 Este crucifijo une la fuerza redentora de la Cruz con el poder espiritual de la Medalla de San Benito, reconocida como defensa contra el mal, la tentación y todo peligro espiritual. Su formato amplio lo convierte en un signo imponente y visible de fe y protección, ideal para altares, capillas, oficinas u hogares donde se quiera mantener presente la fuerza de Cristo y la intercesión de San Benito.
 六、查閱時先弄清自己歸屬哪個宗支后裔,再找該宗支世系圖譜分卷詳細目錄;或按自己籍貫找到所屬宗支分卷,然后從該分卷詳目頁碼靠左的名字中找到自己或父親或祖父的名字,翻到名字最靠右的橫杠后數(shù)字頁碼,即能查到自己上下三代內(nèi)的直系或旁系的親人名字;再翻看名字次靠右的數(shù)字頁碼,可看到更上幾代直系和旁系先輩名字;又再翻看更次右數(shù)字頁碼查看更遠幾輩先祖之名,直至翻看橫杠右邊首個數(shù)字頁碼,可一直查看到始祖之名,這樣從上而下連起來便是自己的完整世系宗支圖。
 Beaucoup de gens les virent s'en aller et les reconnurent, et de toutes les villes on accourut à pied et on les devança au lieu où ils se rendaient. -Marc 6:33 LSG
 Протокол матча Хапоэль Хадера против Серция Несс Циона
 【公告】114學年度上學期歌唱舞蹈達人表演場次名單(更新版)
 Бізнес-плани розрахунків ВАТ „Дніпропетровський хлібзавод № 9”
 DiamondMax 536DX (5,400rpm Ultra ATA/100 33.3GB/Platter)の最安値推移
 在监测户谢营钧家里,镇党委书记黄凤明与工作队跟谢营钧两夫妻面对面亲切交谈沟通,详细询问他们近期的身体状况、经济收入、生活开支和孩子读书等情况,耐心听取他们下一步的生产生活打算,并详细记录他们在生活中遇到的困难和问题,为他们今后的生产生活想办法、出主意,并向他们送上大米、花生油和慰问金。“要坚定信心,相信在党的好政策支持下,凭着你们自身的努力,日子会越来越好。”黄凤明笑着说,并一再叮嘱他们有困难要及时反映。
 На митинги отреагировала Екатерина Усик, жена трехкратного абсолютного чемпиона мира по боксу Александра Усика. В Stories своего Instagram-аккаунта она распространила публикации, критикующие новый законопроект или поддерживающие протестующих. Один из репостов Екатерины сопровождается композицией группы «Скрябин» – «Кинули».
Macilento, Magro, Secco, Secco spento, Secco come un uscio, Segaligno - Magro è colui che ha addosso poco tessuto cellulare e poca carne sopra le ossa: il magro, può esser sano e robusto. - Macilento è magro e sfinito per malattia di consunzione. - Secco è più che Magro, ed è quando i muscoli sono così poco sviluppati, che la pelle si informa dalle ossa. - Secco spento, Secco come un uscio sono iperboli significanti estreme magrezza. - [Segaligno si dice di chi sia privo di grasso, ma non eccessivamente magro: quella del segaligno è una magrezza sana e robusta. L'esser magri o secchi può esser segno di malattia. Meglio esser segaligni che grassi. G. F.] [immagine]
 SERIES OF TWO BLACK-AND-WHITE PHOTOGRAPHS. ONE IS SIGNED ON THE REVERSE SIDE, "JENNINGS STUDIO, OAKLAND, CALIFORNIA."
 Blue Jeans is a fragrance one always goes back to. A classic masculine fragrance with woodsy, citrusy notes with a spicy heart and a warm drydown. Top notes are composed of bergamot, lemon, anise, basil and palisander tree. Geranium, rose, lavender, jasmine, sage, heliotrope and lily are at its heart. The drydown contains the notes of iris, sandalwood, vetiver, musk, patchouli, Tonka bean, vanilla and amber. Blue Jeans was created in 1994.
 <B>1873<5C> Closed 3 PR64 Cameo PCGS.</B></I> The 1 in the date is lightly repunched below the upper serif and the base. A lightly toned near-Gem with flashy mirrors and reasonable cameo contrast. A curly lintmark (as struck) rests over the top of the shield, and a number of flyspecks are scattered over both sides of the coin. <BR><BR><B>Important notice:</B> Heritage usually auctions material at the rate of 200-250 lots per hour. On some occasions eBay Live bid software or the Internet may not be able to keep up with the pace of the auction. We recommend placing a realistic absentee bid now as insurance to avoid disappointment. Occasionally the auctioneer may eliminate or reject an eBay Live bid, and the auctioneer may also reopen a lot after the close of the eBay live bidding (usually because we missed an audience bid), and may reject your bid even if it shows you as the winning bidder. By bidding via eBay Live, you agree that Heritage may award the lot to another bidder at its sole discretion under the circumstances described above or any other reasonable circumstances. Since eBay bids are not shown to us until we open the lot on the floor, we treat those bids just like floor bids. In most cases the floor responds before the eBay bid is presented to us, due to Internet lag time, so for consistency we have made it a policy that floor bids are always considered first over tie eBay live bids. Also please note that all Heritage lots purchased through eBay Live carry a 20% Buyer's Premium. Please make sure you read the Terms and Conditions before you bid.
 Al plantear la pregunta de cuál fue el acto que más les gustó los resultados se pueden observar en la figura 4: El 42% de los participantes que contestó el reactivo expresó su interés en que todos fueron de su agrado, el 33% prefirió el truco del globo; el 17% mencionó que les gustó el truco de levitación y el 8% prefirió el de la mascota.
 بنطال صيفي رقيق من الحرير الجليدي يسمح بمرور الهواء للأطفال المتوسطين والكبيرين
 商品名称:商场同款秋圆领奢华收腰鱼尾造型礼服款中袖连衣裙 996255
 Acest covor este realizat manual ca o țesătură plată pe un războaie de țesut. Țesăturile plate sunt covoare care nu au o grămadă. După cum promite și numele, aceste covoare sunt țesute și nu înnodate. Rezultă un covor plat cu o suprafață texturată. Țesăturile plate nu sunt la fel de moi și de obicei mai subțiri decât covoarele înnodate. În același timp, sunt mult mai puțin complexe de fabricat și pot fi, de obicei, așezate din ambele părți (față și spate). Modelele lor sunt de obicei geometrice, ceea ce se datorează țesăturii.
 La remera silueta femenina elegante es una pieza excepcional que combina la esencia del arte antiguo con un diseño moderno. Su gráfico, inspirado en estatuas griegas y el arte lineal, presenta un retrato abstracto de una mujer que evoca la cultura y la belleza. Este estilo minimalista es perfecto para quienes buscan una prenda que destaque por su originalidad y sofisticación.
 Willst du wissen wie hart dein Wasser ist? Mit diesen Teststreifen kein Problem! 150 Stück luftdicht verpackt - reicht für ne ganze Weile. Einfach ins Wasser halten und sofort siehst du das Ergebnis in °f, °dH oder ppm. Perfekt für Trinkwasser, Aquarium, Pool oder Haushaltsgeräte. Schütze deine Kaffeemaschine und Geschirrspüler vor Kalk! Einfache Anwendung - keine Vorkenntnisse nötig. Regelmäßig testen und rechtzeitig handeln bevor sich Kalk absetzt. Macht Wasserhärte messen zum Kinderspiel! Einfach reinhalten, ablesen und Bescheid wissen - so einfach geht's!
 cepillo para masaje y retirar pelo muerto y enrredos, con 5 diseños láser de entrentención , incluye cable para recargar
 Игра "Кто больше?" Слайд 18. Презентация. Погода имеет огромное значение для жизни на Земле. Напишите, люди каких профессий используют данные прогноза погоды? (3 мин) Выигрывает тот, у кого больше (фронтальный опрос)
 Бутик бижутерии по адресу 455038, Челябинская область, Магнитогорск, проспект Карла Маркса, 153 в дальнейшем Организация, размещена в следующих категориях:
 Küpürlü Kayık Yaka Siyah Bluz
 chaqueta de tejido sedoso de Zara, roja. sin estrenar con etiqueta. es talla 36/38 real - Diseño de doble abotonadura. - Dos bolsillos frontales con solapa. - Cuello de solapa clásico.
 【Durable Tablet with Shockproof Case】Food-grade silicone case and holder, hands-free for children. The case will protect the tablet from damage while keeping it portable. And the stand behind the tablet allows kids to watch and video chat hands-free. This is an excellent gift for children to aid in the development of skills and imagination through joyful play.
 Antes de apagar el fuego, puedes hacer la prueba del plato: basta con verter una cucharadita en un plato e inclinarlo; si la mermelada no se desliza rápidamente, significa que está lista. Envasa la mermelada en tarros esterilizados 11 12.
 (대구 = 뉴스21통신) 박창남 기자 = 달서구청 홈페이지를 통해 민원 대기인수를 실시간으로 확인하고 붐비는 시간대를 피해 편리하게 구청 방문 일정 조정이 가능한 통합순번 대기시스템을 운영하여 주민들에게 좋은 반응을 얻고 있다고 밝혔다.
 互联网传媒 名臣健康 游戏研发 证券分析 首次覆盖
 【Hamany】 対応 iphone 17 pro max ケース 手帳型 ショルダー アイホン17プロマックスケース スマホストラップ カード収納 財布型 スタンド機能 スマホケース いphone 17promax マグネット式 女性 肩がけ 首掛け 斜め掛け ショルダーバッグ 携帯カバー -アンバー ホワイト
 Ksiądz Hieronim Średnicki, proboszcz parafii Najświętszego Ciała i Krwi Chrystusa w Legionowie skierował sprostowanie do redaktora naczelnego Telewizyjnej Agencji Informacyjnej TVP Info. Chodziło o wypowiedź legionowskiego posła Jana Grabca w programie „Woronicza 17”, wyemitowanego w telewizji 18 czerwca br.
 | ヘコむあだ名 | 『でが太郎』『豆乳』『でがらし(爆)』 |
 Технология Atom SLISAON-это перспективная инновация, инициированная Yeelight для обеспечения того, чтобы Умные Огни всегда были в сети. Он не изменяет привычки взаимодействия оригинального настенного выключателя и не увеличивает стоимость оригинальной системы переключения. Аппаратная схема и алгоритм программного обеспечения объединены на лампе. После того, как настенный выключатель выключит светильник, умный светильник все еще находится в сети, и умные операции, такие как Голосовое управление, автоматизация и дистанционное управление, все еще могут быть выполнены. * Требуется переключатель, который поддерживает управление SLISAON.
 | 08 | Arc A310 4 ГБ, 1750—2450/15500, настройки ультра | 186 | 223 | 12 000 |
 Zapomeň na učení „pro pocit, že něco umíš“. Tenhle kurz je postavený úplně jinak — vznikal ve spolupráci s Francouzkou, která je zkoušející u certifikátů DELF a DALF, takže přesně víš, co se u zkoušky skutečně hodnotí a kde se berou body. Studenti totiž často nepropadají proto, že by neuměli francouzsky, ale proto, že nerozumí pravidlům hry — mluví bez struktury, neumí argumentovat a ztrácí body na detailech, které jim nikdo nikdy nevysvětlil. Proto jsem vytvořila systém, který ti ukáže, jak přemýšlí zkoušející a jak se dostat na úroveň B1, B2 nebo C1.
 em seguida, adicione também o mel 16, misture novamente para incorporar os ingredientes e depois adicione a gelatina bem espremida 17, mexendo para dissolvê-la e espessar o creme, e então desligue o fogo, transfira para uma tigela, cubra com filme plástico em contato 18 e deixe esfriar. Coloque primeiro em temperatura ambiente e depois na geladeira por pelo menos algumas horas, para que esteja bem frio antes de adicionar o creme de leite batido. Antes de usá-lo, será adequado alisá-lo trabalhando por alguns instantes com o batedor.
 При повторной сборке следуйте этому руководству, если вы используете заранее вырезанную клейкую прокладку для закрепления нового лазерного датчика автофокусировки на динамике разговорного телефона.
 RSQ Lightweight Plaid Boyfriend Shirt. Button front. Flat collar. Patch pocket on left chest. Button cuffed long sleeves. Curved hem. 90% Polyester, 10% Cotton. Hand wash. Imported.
------------------------------------------------
- **Required work**
Would you please copy each line of the listing that contains the word "pelo"?

- **Written response**
 cepillo para masaje y retirar pelo muerto y enrredos, con 5 diseños láser de entrentención , incluye cable para recargar
 em seguida, adicione também o mel 16, misture novamente para incorporar os ingredientes e depois adicione a gelatina bem espremida 17, mexendo para dissolvê-la e espessar o creme, e então desligue o fogo, transfira para uma tigela, cubra com filme plástico em contato 18 e deixe esfriar. Coloque primeiro em temperatura ambiente e depois na geladeira por pelo menos algumas horas, para que esteja bem frio antes de adicionar o creme de leite batido. Antes de usá-lo, será adequado alisá-lo trabalhando por alguns instantes com o batedor.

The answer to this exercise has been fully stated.